### MATERIAL SHOWN
= Beginning of Section =

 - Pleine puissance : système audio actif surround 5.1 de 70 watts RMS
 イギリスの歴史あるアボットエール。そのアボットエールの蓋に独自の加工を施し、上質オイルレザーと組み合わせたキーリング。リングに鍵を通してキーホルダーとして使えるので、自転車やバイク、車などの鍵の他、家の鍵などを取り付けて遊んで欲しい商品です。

= End of Section =
= Beginning of Section =

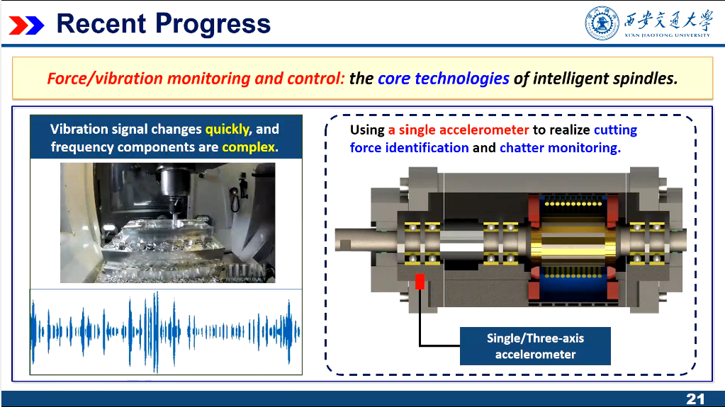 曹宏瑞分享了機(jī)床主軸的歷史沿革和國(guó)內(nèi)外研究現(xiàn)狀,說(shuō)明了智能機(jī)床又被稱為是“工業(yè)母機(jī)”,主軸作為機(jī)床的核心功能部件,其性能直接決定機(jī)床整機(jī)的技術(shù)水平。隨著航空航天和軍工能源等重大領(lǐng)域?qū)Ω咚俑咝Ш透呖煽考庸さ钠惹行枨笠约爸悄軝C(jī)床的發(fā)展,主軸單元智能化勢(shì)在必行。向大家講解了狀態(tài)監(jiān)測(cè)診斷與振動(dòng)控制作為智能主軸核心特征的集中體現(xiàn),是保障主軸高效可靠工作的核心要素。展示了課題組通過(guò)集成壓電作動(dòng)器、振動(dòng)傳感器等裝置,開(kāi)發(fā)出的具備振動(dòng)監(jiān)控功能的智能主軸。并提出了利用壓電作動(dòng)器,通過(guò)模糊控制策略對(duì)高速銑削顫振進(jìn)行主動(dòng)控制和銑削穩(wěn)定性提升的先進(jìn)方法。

= End of Section =
= Beginning of Section =

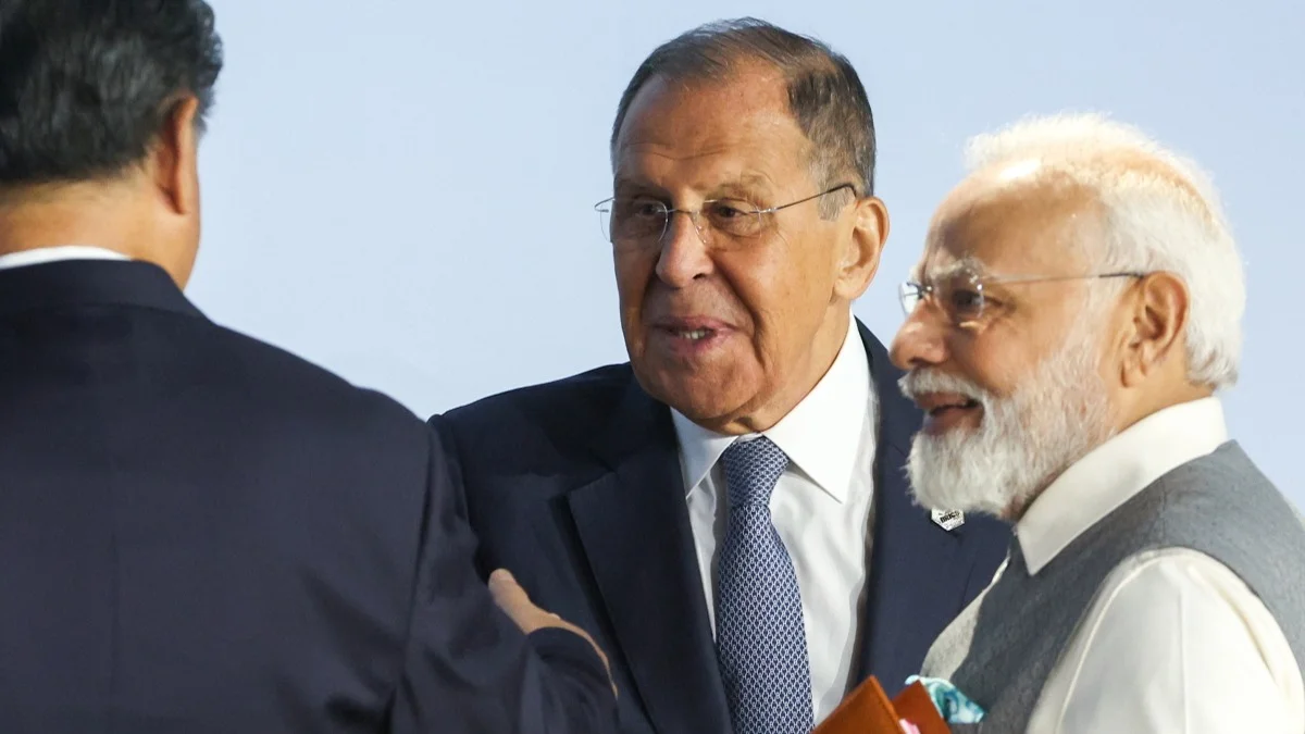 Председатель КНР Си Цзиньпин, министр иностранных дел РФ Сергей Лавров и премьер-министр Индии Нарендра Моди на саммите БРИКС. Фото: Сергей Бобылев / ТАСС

= End of Section =

### THE PROBLEM
Reprint exactly the lines above that start at the one with "- Pleine puissance" and end at the one with "イギリスの歴史あるアボットエ", keeping both and adding none.

### THE COMPLETED TASK
 - Pleine puissance : système audio actif surround 5.1 de 70 watts RMS
 イギリスの歴史あるアボットエール。そのアボットエールの蓋に独自の加工を施し、上質オイルレザーと組み合わせたキーリング。リングに鍵を通してキーホルダーとして使えるので、自転車やバイク、車などの鍵の他、家の鍵などを取り付けて遊んで欲しい商品です。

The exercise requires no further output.